Thrombin digestion reveals that the phosphorylatable serine of his6-C8 lies in the leader peptide not within C8 itself. (A and B) Thrombin digestion of AMPK-phosphorylated his6-C8. A: Coomassie Blue-stained gel; B: autoradiograph. Lane 1: undigested AMPK-phosphorylated his6-C8 (control); lane 2: AMPK-phosphorylated his6-C8 after thrombin digestion. (C and D) AMPK phosphorylation subsequent to thrombin digestion of his6-C8 fusion protein. A: Coomassie Blue-stained gel; B: autoradiograph. Lane 1: undigested AMPK-phosphorylated his6-C8 (control); lane 2: AMPK-phosphorylated his6-C8 after thrombin digestion.

Conclusions

This study aimed to test whether the IgI-like C8 domain of cMyBP-C is an in vitro substrate of AMPK. We used the commonly employed approach of producing the protein of interest fused to a hexahistidine tag to facilitate purification. The fusion protein was readily purified using Ni2+–NTA affinity chromatography and was shown to be efficiently phosphorylated by AMPK in vitro. However, further study showed that the phosphorylatable serine was present within the thrombin recognition sequence encoded by the vector and not within C8 itself. The primary recognition sequence for AMPK is known to be very broad and has been proposed to be ϕ(X,basic)XXSer/ThrXXXϕ where ϕ is a hydrophobic residue (met, val, leu, ile or phe) [11-13]. Clearly there are many protein sequences matching these criteria that are not AMPK phosphorylation sites, suggesting that the nature of the local secondary structure may play an important role in recognition and that successful prediction of strong AMPK sites is difficult. This is illustrated by the divergence from the notional consensus sequence on known phosphorylation sites, for example ser1200 of rat acetyl-coA carboxylase [11]. The sequence surrounding the site identified here also does not fit with the proposed sequence.
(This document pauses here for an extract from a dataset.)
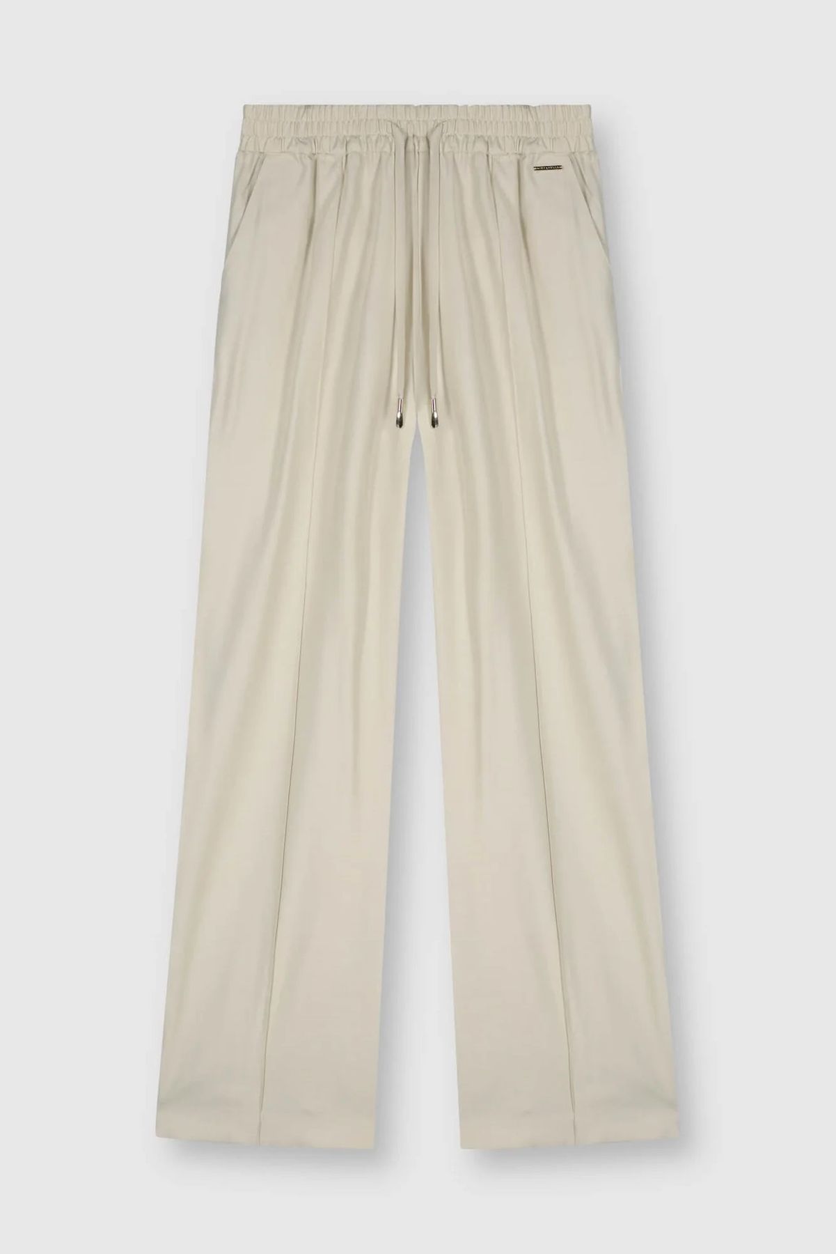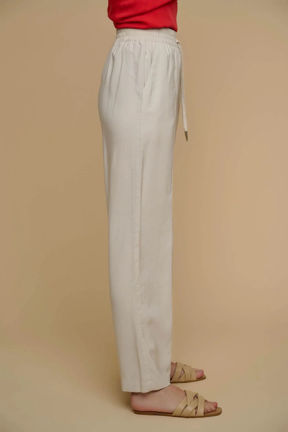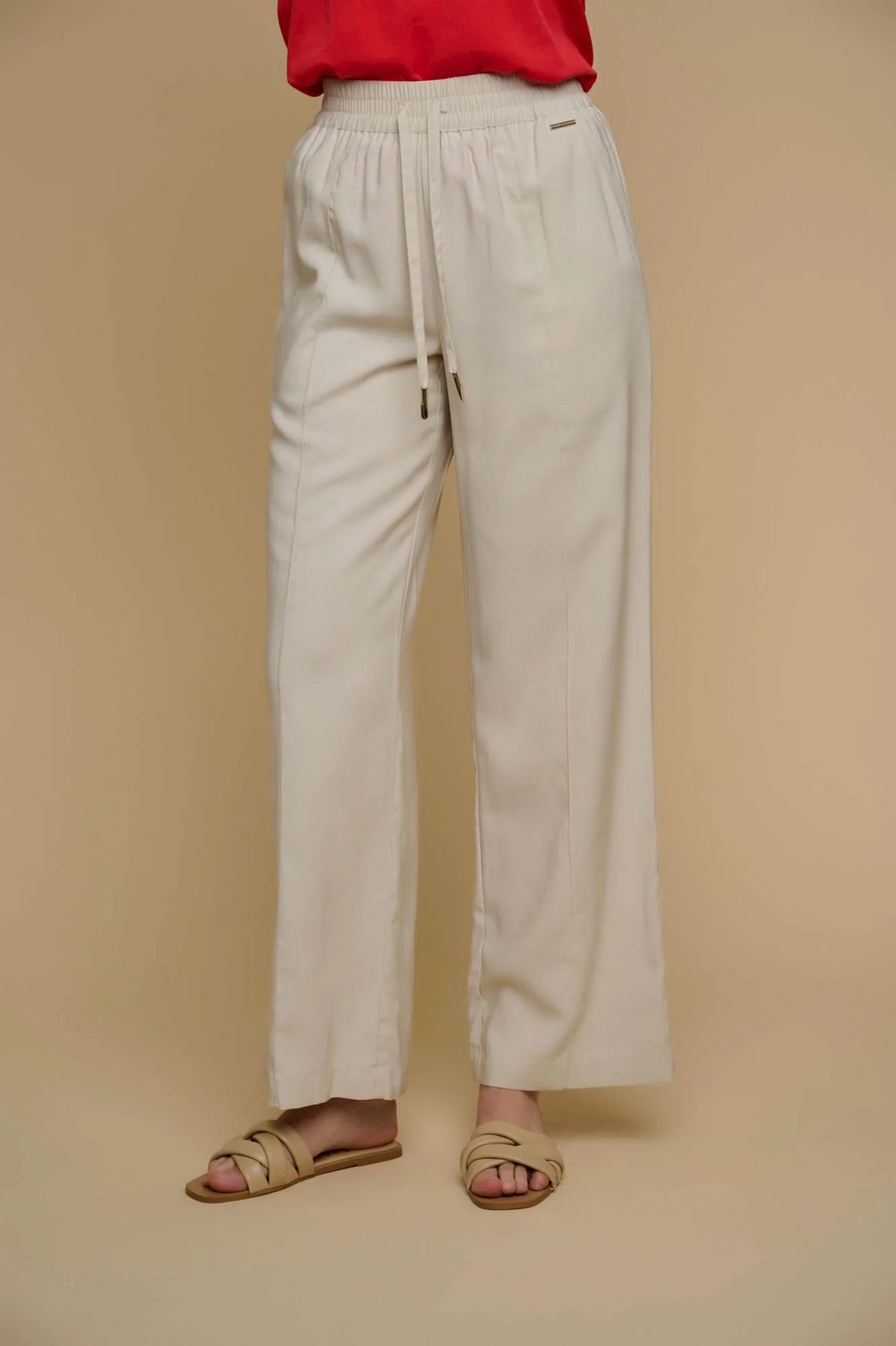 Pantaloni a gamba larga, leggeri. Caratterizzati da una vita alta con fascia elasticizzata con coulisse, due tasche laterali a fessura. Perfetto per un look estivo arioso!

The presence of the strong AMPK site within the vector-encoded residues proved a confounding factor in this study and we urge caution in the use of fusion proteins containing the thrombin recognition site in the work aimed at identifying AMPK substrates. As this sequence occurs in many commercial pET vector series (for example, pETs 14, 15, 41, 42, 43, 47, 48, 49, 50 and 52 as well as 28) we hope our observation will prove useful in other laboratories’ experimental design.